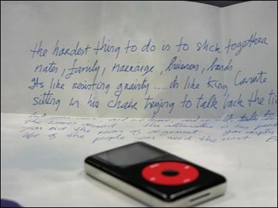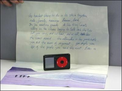 除了上面提起的在iPod背面有乐队四位的签名,U2还为粉丝们准备了另外一份大礼——BONO写给各位的亲笔信。装签名信的包装盒是全黑的,当我打开它的时候,发现在开口处用红色的字写着Enjoy,当时就有一点点兴奋,知道这里面装的应该就是签名信(在买iPod U2 之前已经看过香港那边的PP,所以知道有签名信)。实在佩服苹果公司在细节方面的处理,一个小小的“Enjoy”的确让人对于这个黑盒子有了不一样的感觉。
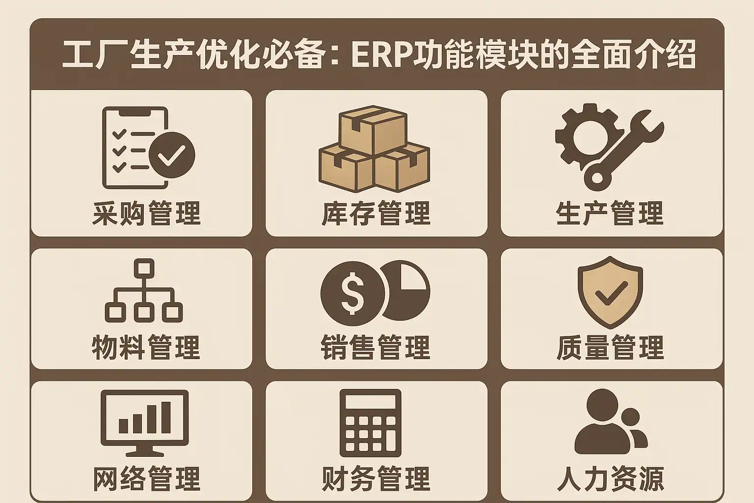 以下为典型ERP模块与工厂价值点映射,便于选择与组合实施。
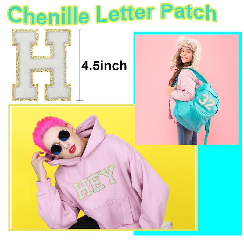 - Easy to Use: the gold glitters chenille iron on letter patch have heat sealant backing glue on the back, it is easy to use. You can use ironing or sew the patch directly.
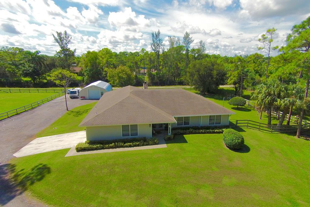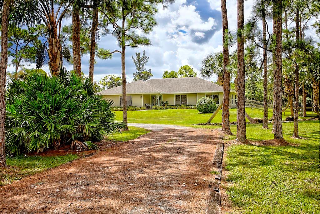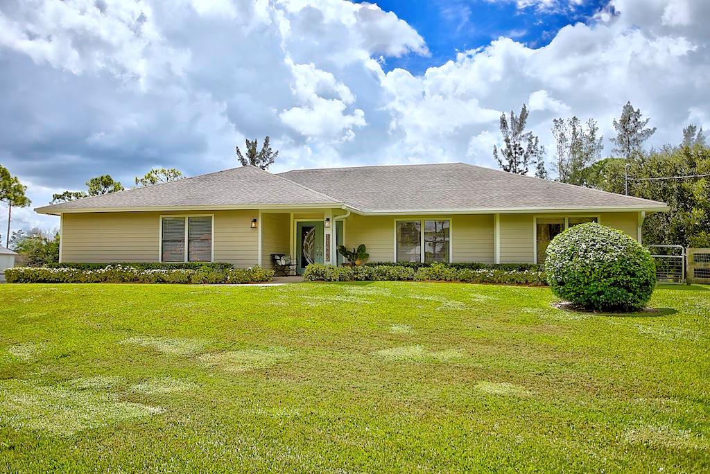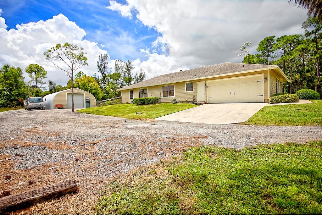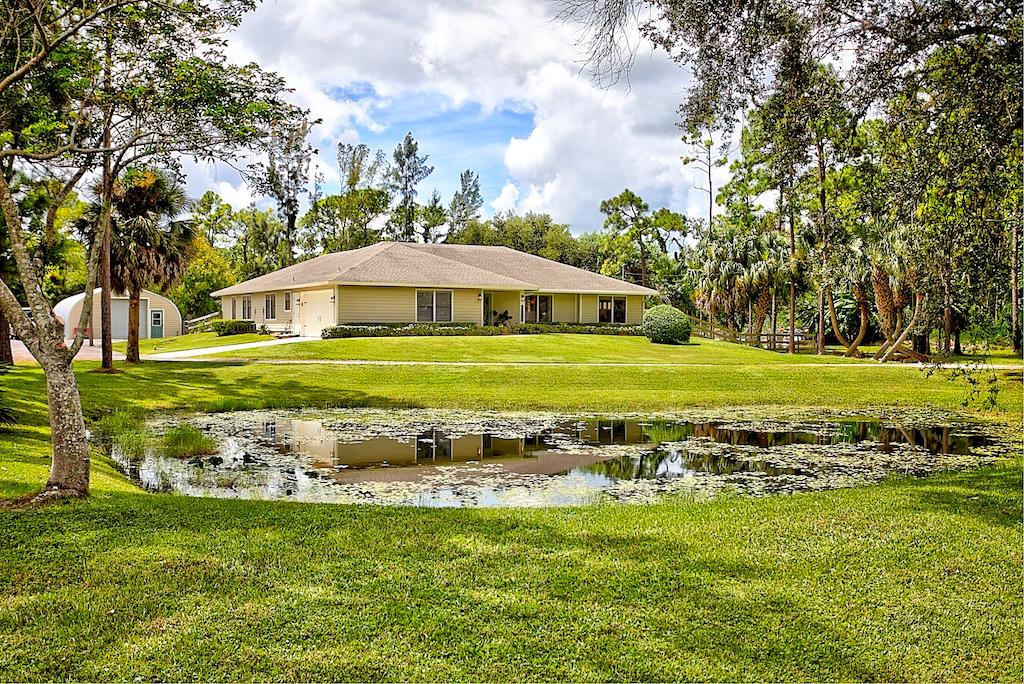 This stunning Estate Home is situated on a private, paved road on 1.25 acres in the Eastern part of The Acreage. With 4 bedrooms and 2 1/2 bathrooms, this home is flooded with natural light, has scenic views of a private pond and features beautiful interior finishes. Its split floor plan make it the perfect home for a family who loves to entertain! The home has a soft and neutral transitional vibe with several upgrades including all NEW exterior hardy board siding, french doors, renovated second bathroom, water system & septic tank. Additionally, you will find a 900 sf detached garage/work space. What are you waiting for?! Welcome home!

------------------------------------------------------------

# Task statement
Counting the line with "- Easy to Use: the" and the last line of the data above, transcribe those two lines and every line between them exactly, without the pictures.

# Your response
 - Easy to Use: the gold glitters chenille iron on letter patch have heat sealant backing glue on the back, it is easy to use. You can use ironing or sew the patch directly.
 This stunning Estate Home is situated on a private, paved road on 1.25 acres in the Eastern part of The Acreage. With 4 bedrooms and 2 1/2 bathrooms, this home is flooded with natural light, has scenic views of a private pond and features beautiful interior finishes. Its split floor plan make it the perfect home for a family who loves to entertain! The home has a soft and neutral transitional vibe with several upgrades including all NEW exterior hardy board siding, french doors, renovated second bathroom, water system & septic tank. Additionally, you will find a 900 sf detached garage/work space. What are you waiting for?! Welcome home!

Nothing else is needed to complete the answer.